Seeing Isn't Believing: This New AI System Can Create “Deep Fake” Videos
Sophisticated image processing technology threatens to swamp the internet with next-generation fake news.
What happens when you can’t trust what your eyes see on screen? As the post-truth era collides with fast-evolving digital technology, online misinformation campaigns are threatening to trigger a catastrophic Information Age crisis. Just ask the Federal Election Commission.
Here’s the latest development: Scientists have developed an automated AI-powered software system that can be used to both create and detect “deep fake” videos — manipulated video images that can spread misinformation and malicious hoaxes. Similar technology has already been used to generate fake celebrity videos and even revenge porn.
Deep fake videos, also simply called deepfakes, rely on image synthesis techniques that can convert the content of one video content into another’s style virtually flawlessly. In a deepfake, footage of a politician or public figure can be altered so that he or she convincingly appears to be saying things that they haven’t.
Researchers at Carnegie Mellon University have developed a new technique that can generate deepfakes automatically, with no need for human intervention. Powered by artificial intelligence and machine learning, the system can copy the facial expressions of a subject in one video and then map the data onto images in another. Barack Obama can be easily transformed into Donald Trump, or John Oliver can suddenly become Stephen Colbert.

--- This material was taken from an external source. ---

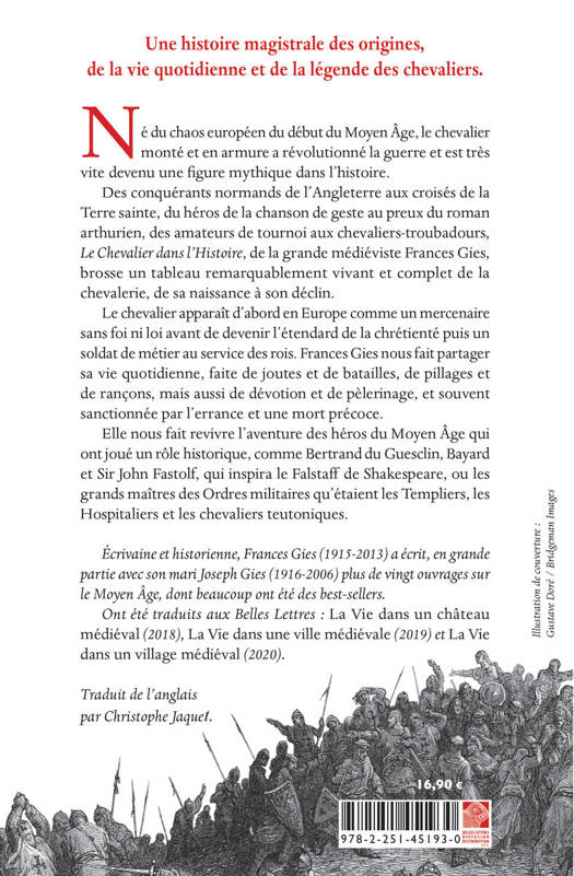 Une histoire magistrale des origines, de la vie quotidienne et de la legende des chevaliers. Ne du chaos europeen du debut du Moyen Age, le chevalier monte et en armure a revolutionne la guerre et est tres vite devenu une figure mythique dans l'histoire. Des conquerants normands de l'Angleterre aux croises de la Terre sainte, du heros de la chanson de geste au preux du roman arthurien, des amateurs de tournoi aux chevaliers-troubadours, Le Chevalier dans l'Histoire, de la grande medieviste Frances Gies, brosse un tableau remarquablement vivant et complet de la chevalerie, de sa naissance a son declin. Le chevalier apparait d'abord en Europe comme un mercenaire sans foi ni loi avant de devenir l'etendard de la chretiente puis un soldat de metier au service des rois. Frances Gies nous fait partager sa vie quotidienne, faite de joutes et de batailles, de pillages et de rancons, mais aussi de devotion et de pelerinage, et souvent sanctionnee par l'errance et une mort precoce. Elle nous fait revivre l'aventure des heros du Moyen Age qui ont joue un role historique, comme Bertrand du Guesclin, Bayard et Sir John Fastolf, qui inspira le Falstaff de Shakespeare, ou les grands maitres des Ordres militaires qu'etaient les Templiers, les Hospitaliers et les chevaliers teutoniques.

The system can also convert black-and-white movies to color, or manipulate imagery so that a hibiscus flower is converted to appear as a daffodil. Because this new tool can transform large amounts of video automatically, it could be particularly useful for filmmakers or game designers looking to create detailed digital environments.
But the CMU team is also acutely aware that the technology could be used for deepfakes, demonstrating how the system can match images of Barack Obama and Donald Trump, making it appear that one is speaking words that are actually being spoken by the other.
"It was an eye-opener to all of us in the field that such fakes would be created and have such an impact," Bansal noted. "Finding ways to detect them will be important moving forward."
Bansal and his colleagues presented one such method this week at the European Conference on Computer Vision, in Munich, Germany. By revealing details on the technique to fellow developers and researchers, the CMU team hopes to make deepfakes easier to identify, even as the technology grows more sophisticated.
The CMU technique employs a class of algorithms called generative adversarial networks, or GANS. These algorithms are separated into two models, then basically cut loose to compete against one another. The “discriminator” model learns the style of one image or video, while the “generator” learns how to create images that match that style to fool the discriminator.
By putting these two models in competition with each other, the AI system essentially teaches itself how to create the most realistic looking images. The generator tries to trick the discriminator and the discriminator scores the effectiveness of the generator.
The system is a kind of visual version of similarly AI-powered language translation software, in which English is translated into Spanish, then back again to English again. By correcting itself over and over, the system can learn new processes on its own and quickly improve its results.
This imaging software could potentially have other applications as well, Bansai said. For instance, it could be applied to help self-driving cars operate more safely in low-light conditions. More details on the technique, including code for developers, is available on the dedicated project page.